Faculty Profile

Elizabeth Lee

Associate Professor of Art History (2006)

Contact Information

leee@dickinson.edu

Weiss Center for the Arts Room 225
717-245-1259

Bio

Prof. Lee teaches courses in modern, contemporary and American art. Her research has appeared in publications including American Art, Archives of American Art Journal and The Journal of American Culture as well as the Routledge Companion to Art and Disability. Her book, The Medicine of Art: Disease and the Aesthetic Object in Gilded Age America (Bloomsbury, 2022), features an interrelated series of case studies focused on major Gilded Age artists—John Singer Sargent, Abbott Thayer, Augustus Saint-Gaudens—and one collector, Charles Lang Freer, to show how works of art were marked by disease and functioned in medicinal terms for artists and viewers in the late nineteenth century.
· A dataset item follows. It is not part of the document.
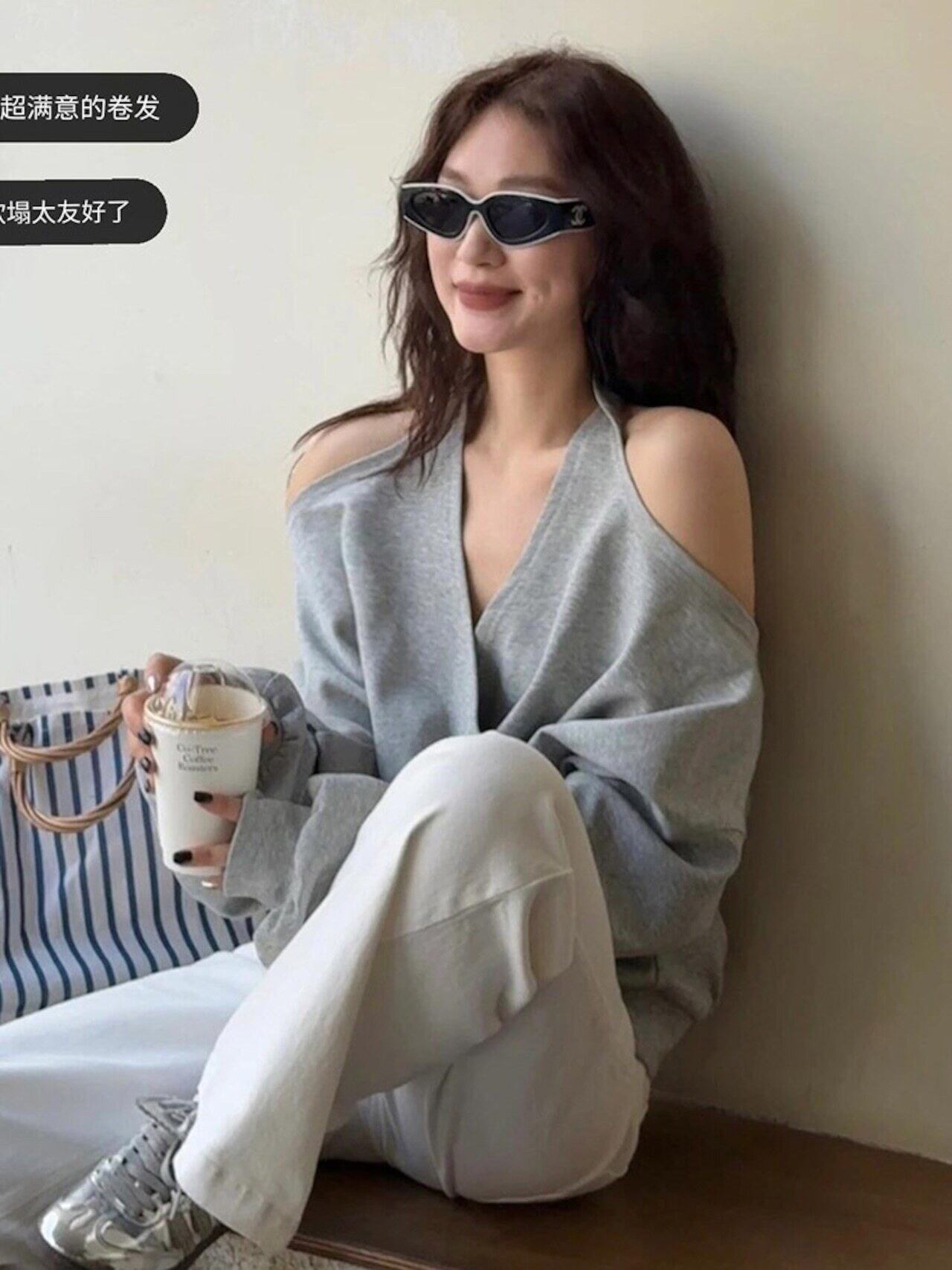 肩を落としたオフショルダーと深めのVネックデザインが、抜け感たっぷりで大人の色気を引き立てる一枚。

Her current projects include an essay on Henri Matisse and therapeutic modernism as well as new research on Dr. Thomas Mütter as a collector of medical specimens.

Education

  • B.A., Wake Forest University, 1990
  • M.A., University of Minnesota, 1993
  • Ph.D., Indiana University, 2002

2023-2024 Academic Year

Fall 2023

ARTH 102 Introduction History of Art
This course surveys art of the European renaissance through the contemporary period. Art will be examined within the historical context in which it was produced, with attention to contemporary social, political, religious, and intellectual movements. Students will examine the meaning and function of art within the different historical periods. In addition, students will learn to analyze and identify different artistic styles.

ARTH 314 Contemporary Art
This course addresses a period of artistic production from the late 1960s to the present. It showcases key artists and artistic movements within a broad historical framework, highlighting major issues and important debates. Some of the themes discussed in the course include the changing nature of artistic practice in recent decades; the intersection of the body in contemporary art with issues of gender, sexuality, ethnicity and race; the role of art in public spaces; the rise of new media; the place of art within galleries, museums and other art-world institutions; the global nature of contemporary art; and art as an agent of protest and social change. Assigned readings include a variety of art historical analyses, artist interviews and writings, essays by art critics and other writers with backgrounds in such areas as philosophy, gender studies and critical race theory. Prerequisite: 102 or permission of the instructor.

Spring 2024

ARTH 204 American Art
This course begins with the earliest depictions of indigenous people by European explorers and expands to consider how artists responded to the colonization and domestication of North American land. It considers how tensions around slavery in nineteenth-century American imagery played out differently across audience, medium and context and how slaves resisted narratives of white dominance and oppression. It also examines the impact of urbanization, immigration and the rise of consumer culture on the content and circulation of art, concluding with the social dislocation of the 1930s Depression and the onset of WW2. Students can expect to leave the course with a more complex understanding of American identity and cultural politics, while also developing crucial skills in critical reading, writing and visual analysis across a range of artifacts and media. Prerequisite: 101 or 102, AMST majors, or permission of the instructor.

ARTH 313 Modern Art
This course surveys key artistic movements and styles in a period of roughly one hundred years, beginning with Realism in the 1840s France and ending with Abstract Express-ionism in 1950s America. Much of the course focuses on painting, though discussions of architecture, design, sculpture and photography also play an important role. We begin with the question of what modernism is: When did it begin? What makes a work of art "modern"? How is modernism different from what preceded it? Students learn to recognize, understand and discuss the defining features of modernism in its major manifestations, while also developing an understanding of themes such as the role of African art in modernism, the changing dynamics between the fine arts and popular culture, the role of technology as an influence on art, and the place of particular critics, galleries, and museums in shaping the discourses of modernism. Individual research projects give students the chance to explore a specific artist, style or theme in depth, while a field trip to National Gallery of Art and the Hirshhorn Museum in Washington D.C. provide an opportunity to see significant works of modern art firsthand. Assigned reading incorporate both secondary sources as well as artist's manifestos and aesthetic philosophies as primary source text. Prerequisite: 102 or permission of the instructor.